Start of SUPPLIED RECORDS

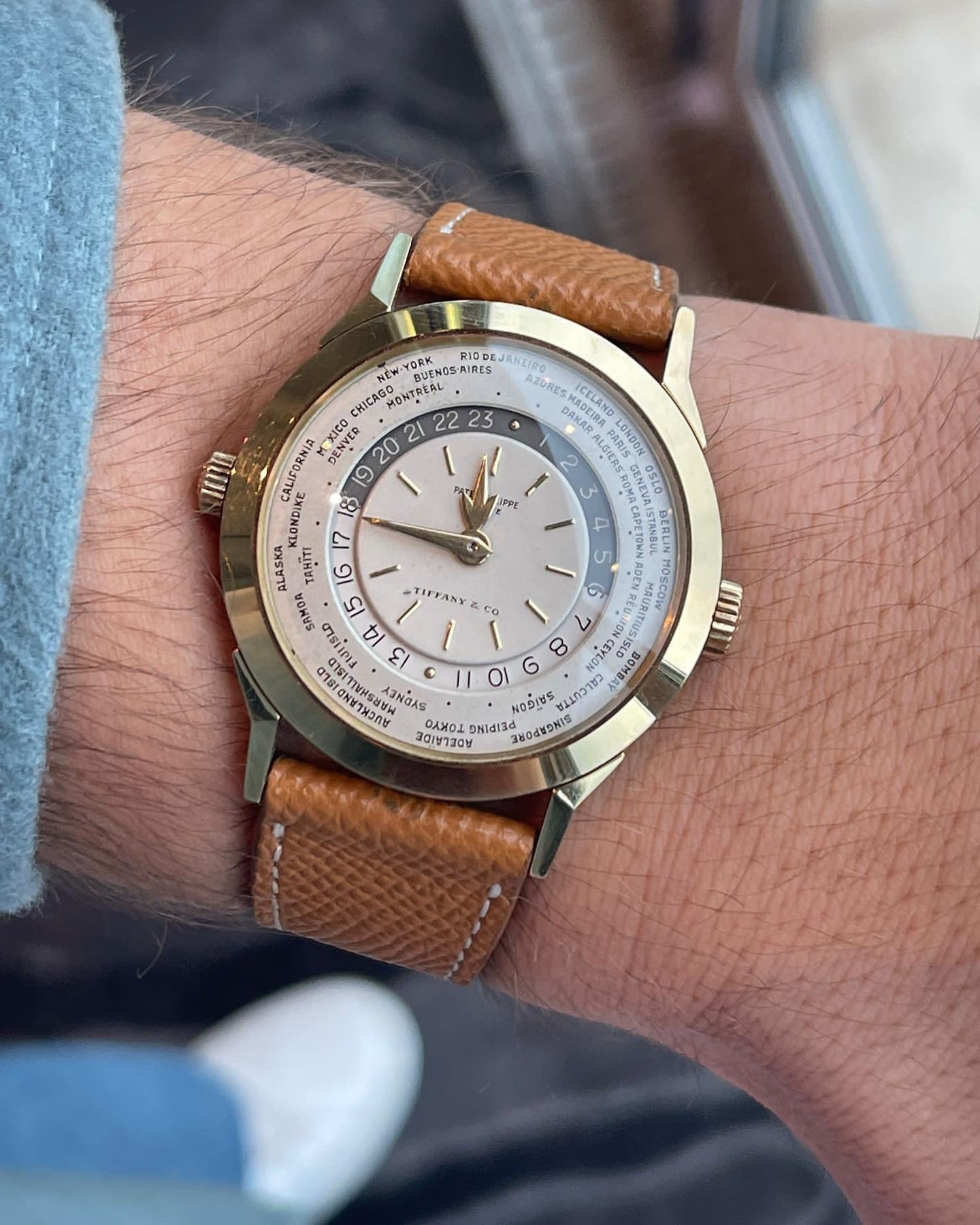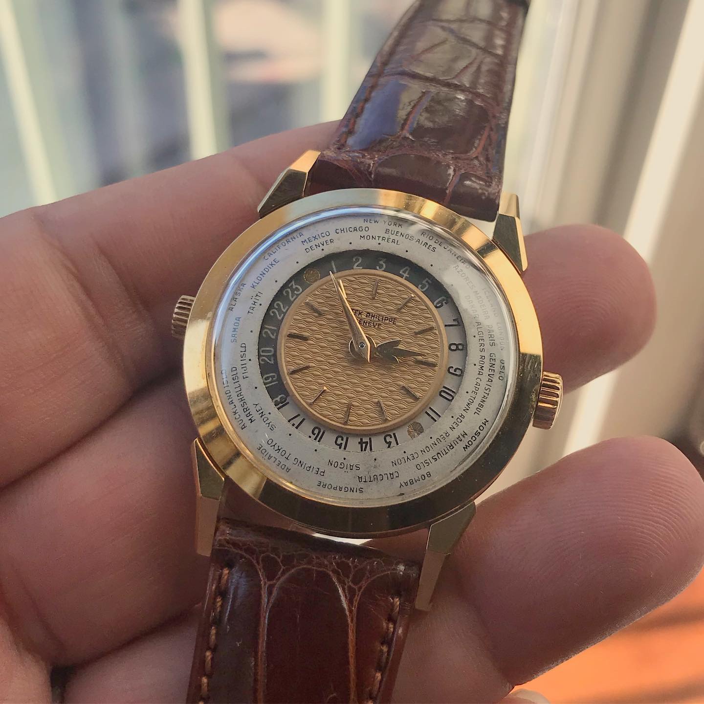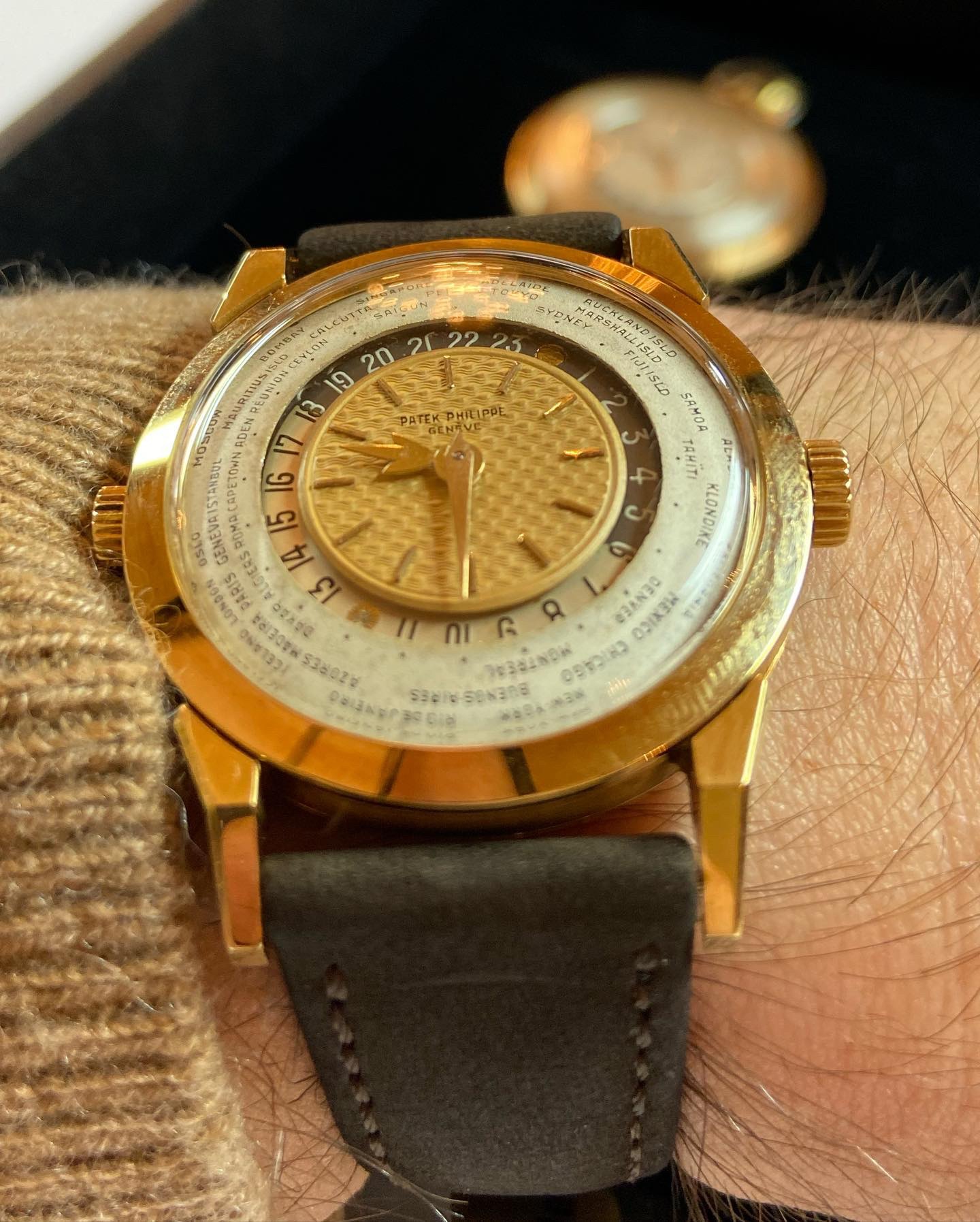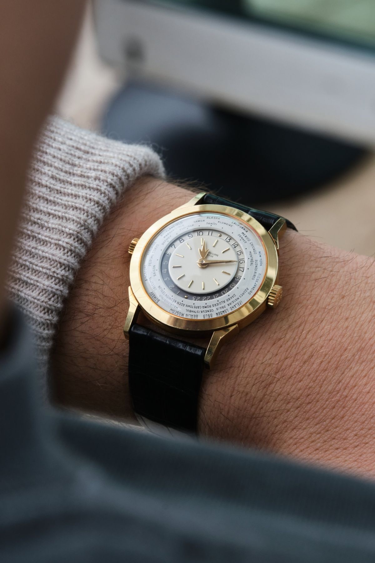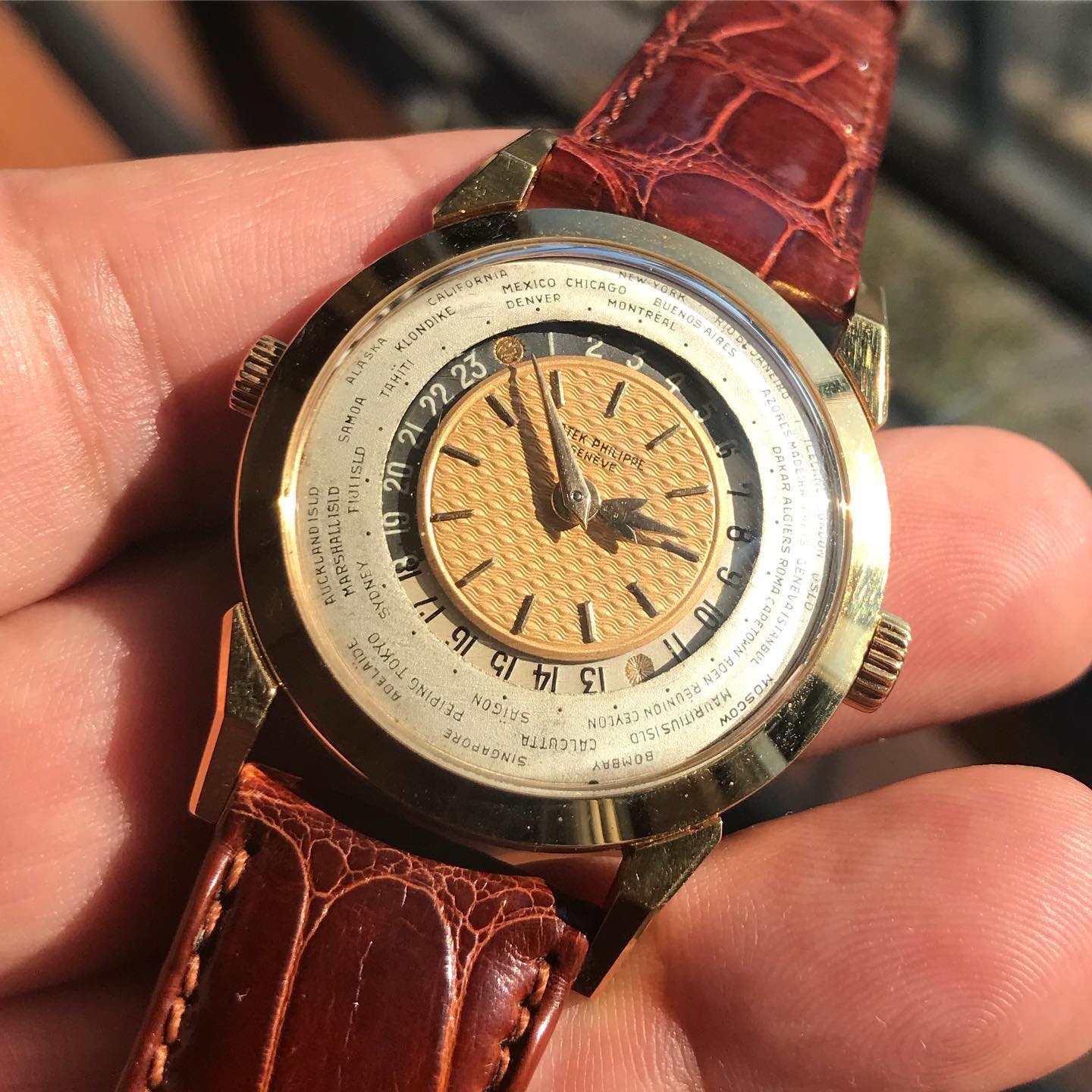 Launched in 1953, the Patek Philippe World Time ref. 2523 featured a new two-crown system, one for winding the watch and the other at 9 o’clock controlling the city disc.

End of SUPPLIED RECORDS
Start of SUPPLIED RECORDS

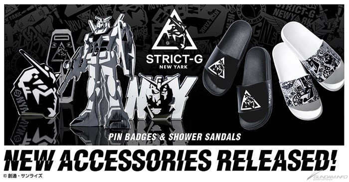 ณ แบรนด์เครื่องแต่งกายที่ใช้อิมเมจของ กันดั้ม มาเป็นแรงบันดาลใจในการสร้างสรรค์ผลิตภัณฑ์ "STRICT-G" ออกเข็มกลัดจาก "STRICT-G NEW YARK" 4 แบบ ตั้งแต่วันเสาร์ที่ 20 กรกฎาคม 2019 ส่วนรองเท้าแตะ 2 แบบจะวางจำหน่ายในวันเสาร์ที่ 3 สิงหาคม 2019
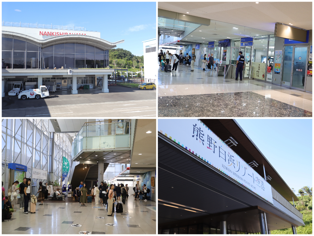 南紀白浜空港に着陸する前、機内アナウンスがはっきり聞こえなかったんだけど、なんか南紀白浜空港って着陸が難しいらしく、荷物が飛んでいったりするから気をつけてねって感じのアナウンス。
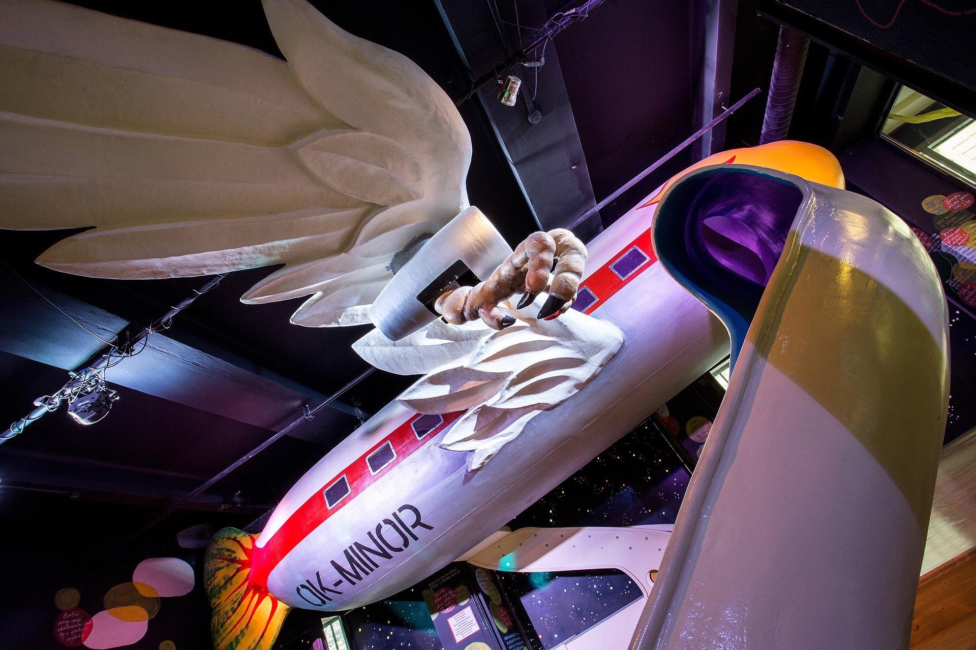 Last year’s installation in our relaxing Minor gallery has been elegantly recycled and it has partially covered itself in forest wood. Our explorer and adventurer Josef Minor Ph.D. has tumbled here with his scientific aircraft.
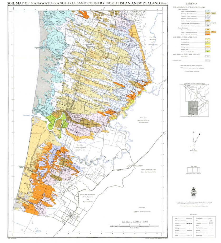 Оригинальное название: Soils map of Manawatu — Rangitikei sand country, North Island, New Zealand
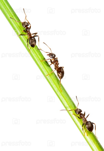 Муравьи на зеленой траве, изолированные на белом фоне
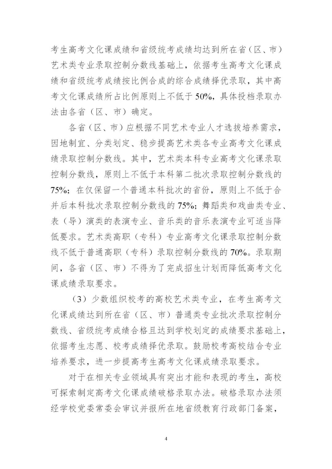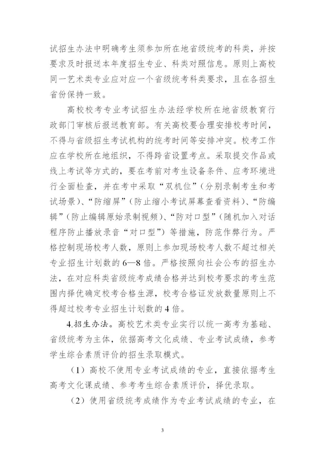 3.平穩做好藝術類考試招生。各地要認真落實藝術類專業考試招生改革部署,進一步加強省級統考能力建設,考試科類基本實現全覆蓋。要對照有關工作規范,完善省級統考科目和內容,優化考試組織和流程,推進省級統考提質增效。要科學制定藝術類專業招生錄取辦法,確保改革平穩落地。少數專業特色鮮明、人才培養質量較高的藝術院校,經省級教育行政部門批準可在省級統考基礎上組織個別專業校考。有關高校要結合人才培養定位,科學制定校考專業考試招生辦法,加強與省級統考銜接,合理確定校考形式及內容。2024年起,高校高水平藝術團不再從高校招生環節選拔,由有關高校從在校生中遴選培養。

End of SUPPLIED RECORDS

■ **AIM OF THE EXERCISE**: From the listing above, restate verbatim the lines running from the one with "ณ แบรนด์เครื่องแต่งกายที่ใช้อิมเมจของ กันดั้ม" through the one with "Муравьи на зеленой", inclusive, but not the pictures.

■ **RESULT OF THE TASK**:
 ณ แบรนด์เครื่องแต่งกายที่ใช้อิมเมจของ กันดั้ม มาเป็นแรงบันดาลใจในการสร้างสรรค์ผลิตภัณฑ์ "STRICT-G" ออกเข็มกลัดจาก "STRICT-G NEW YARK" 4 แบบ ตั้งแต่วันเสาร์ที่ 20 กรกฎาคม 2019 ส่วนรองเท้าแตะ 2 แบบจะวางจำหน่ายในวันเสาร์ที่ 3 สิงหาคม 2019
 南紀白浜空港に着陸する前、機内アナウンスがはっきり聞こえなかったんだけど、なんか南紀白浜空港って着陸が難しいらしく、荷物が飛んでいったりするから気をつけてねって感じのアナウンス。
 Last year’s installation in our relaxing Minor gallery has been elegantly recycled and it has partially covered itself in forest wood. Our explorer and adventurer Josef Minor Ph.D. has tumbled here with his scientific aircraft.
 Оригинальное название: Soils map of Manawatu — Rangitikei sand country, North Island, New Zealand
 Муравьи на зеленой траве, изолированные на белом фоне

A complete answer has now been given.